Data excerpts:
* * *

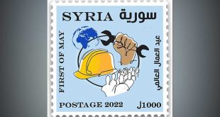 دمشق-سانا أصدرت المؤسسة السورية للبريد طابعاً بريدياً تذكارياً بمناسبة عيد العمال الذي يصادف الأول من أيار من كل عام.
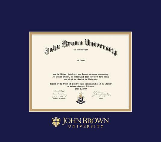 John Brown University Diploma (6/25 to Present) Frame with Navy Blue and Gold Double Mat and Gold Embossing
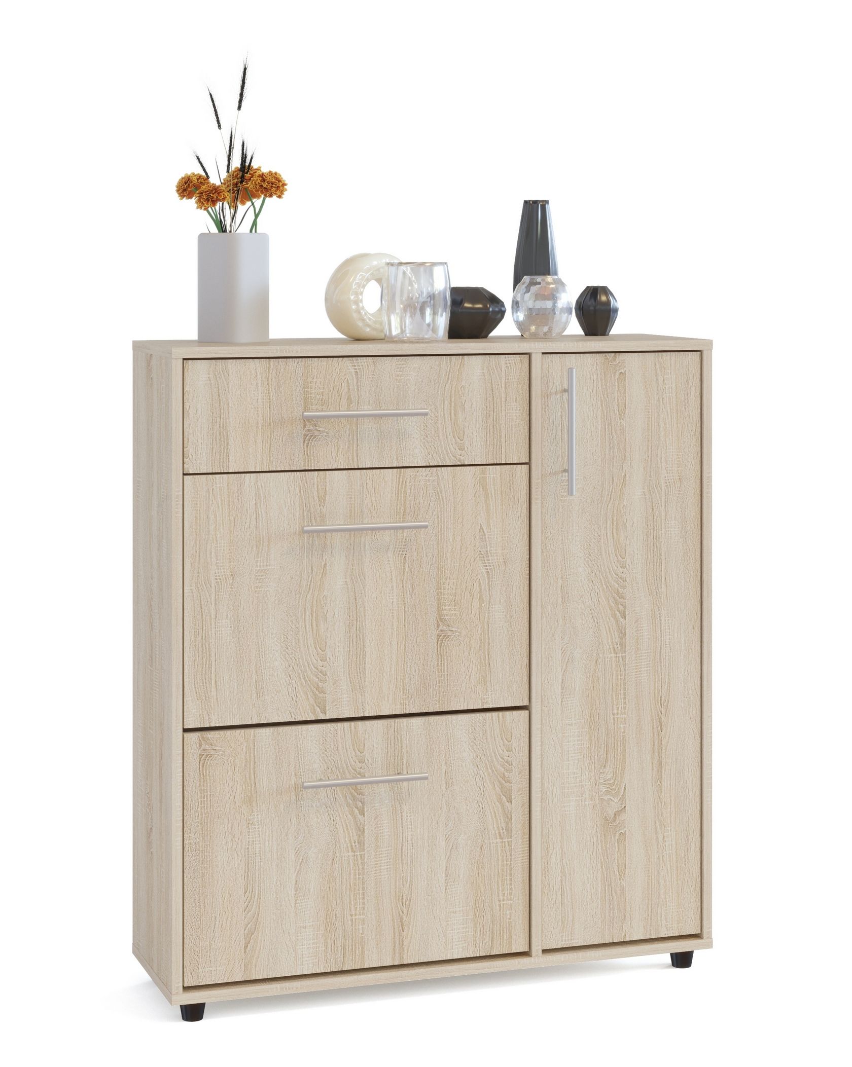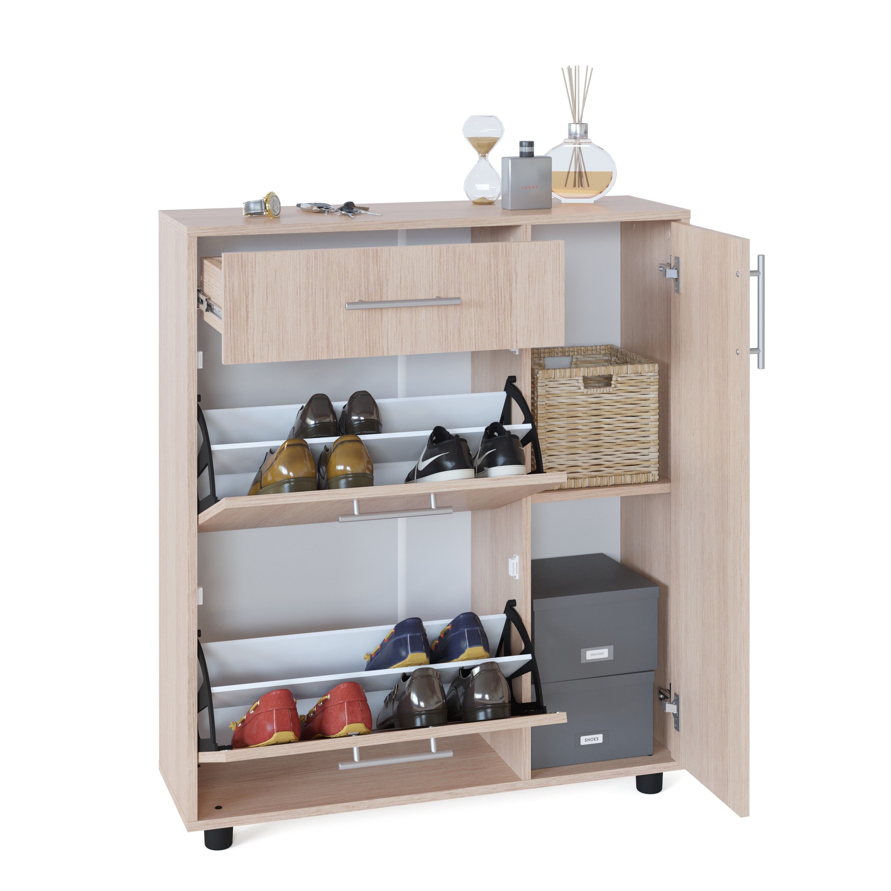 Вместительная тумба для обуви оборудована выдвижным ящиком, двумя отсеками для обуви и полками за дверцей.
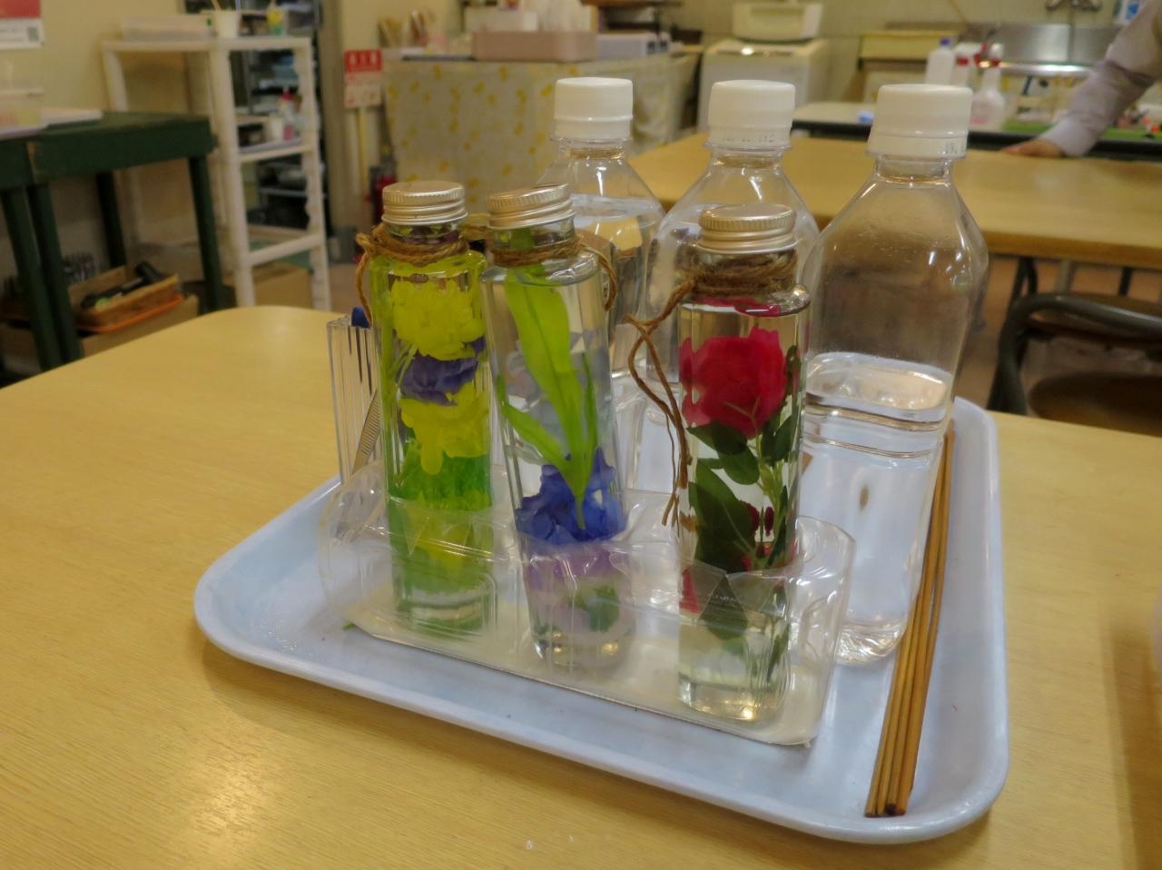 造花、ガラス容器、ベビーオイルを調達すれば、家でもできます。
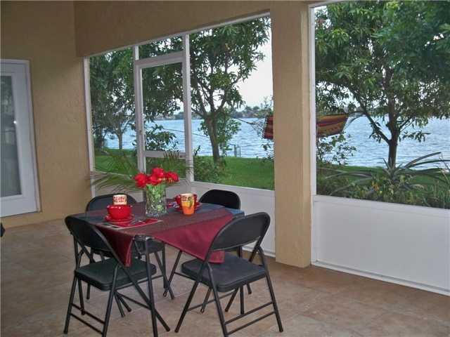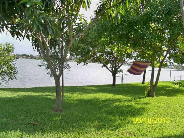 Most Desirable Spacious 4/3 (with In-Law Quarter conversion)in Large Fenced Yard on an Outstanding Lake lot in Your Own Paradise surrounded by Fruit Trees. Two Master Bdrms, Two Master Bath featuring custom tile floor & walls, Roman Tub, his/hers sink. Gl ass shower door. Upgraded Eat In Kitchen w/Black Granite Countertop and Stainless Steel Appliances. Impact Windows and available Hurricane Shutters for Peace of Mind. Plenty of Room for a pool. Screened in Patio under main roof of house.
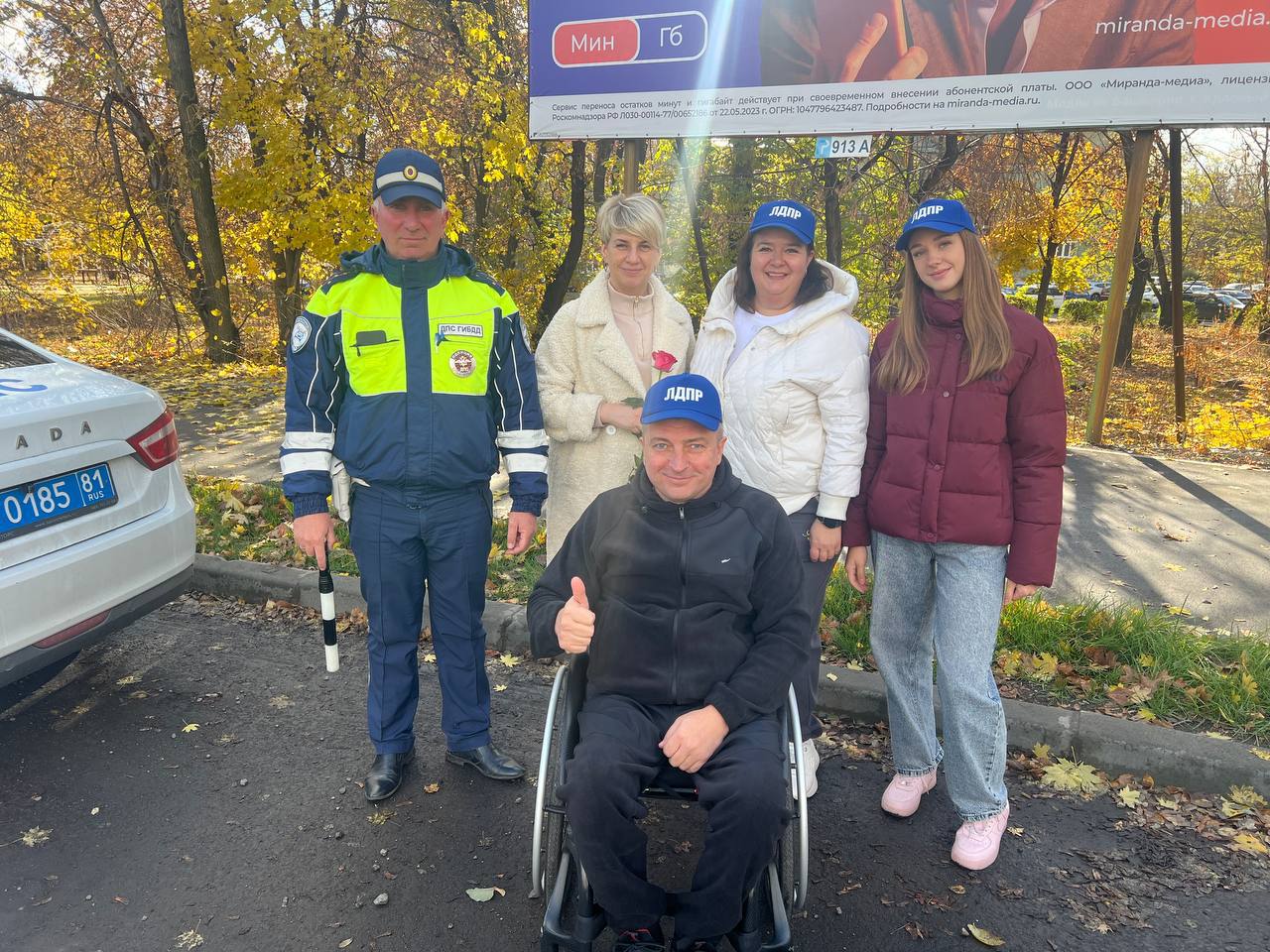 В День автомобилиста координатор Краснолучского МО ЛДПР Сергей Морозов, совместно с АНО «РЦД “Мы вместе, мы рядом” и сотрудниками ГИБДД отдела полиции «Краснолучский», провели праздничную акцию для женщин-водителей.

* * *

Directions for this task:
Give an exact copy of the material, leaving out every picture.

Expected answer:
 دمشق-سانا أصدرت المؤسسة السورية للبريد طابعاً بريدياً تذكارياً بمناسبة عيد العمال الذي يصادف الأول من أيار من كل عام.
 John Brown University Diploma (6/25 to Present) Frame with Navy Blue and Gold Double Mat and Gold Embossing
 Вместительная тумба для обуви оборудована выдвижным ящиком, двумя отсеками для обуви и полками за дверцей.
 造花、ガラス容器、ベビーオイルを調達すれば、家でもできます。
 Most Desirable Spacious 4/3 (with In-Law Quarter conversion)in Large Fenced Yard on an Outstanding Lake lot in Your Own Paradise surrounded by Fruit Trees. Two Master Bdrms, Two Master Bath featuring custom tile floor & walls, Roman Tub, his/hers sink. Gl ass shower door. Upgraded Eat In Kitchen w/Black Granite Countertop and Stainless Steel Appliances. Impact Windows and available Hurricane Shutters for Peace of Mind. Plenty of Room for a pool. Screened in Patio under main roof of house.
 В День автомобилиста координатор Краснолучского МО ЛДПР Сергей Морозов, совместно с АНО «РЦД “Мы вместе, мы рядом” и сотрудниками ГИБДД отдела полиции «Краснолучский», провели праздничную акцию для женщин-водителей.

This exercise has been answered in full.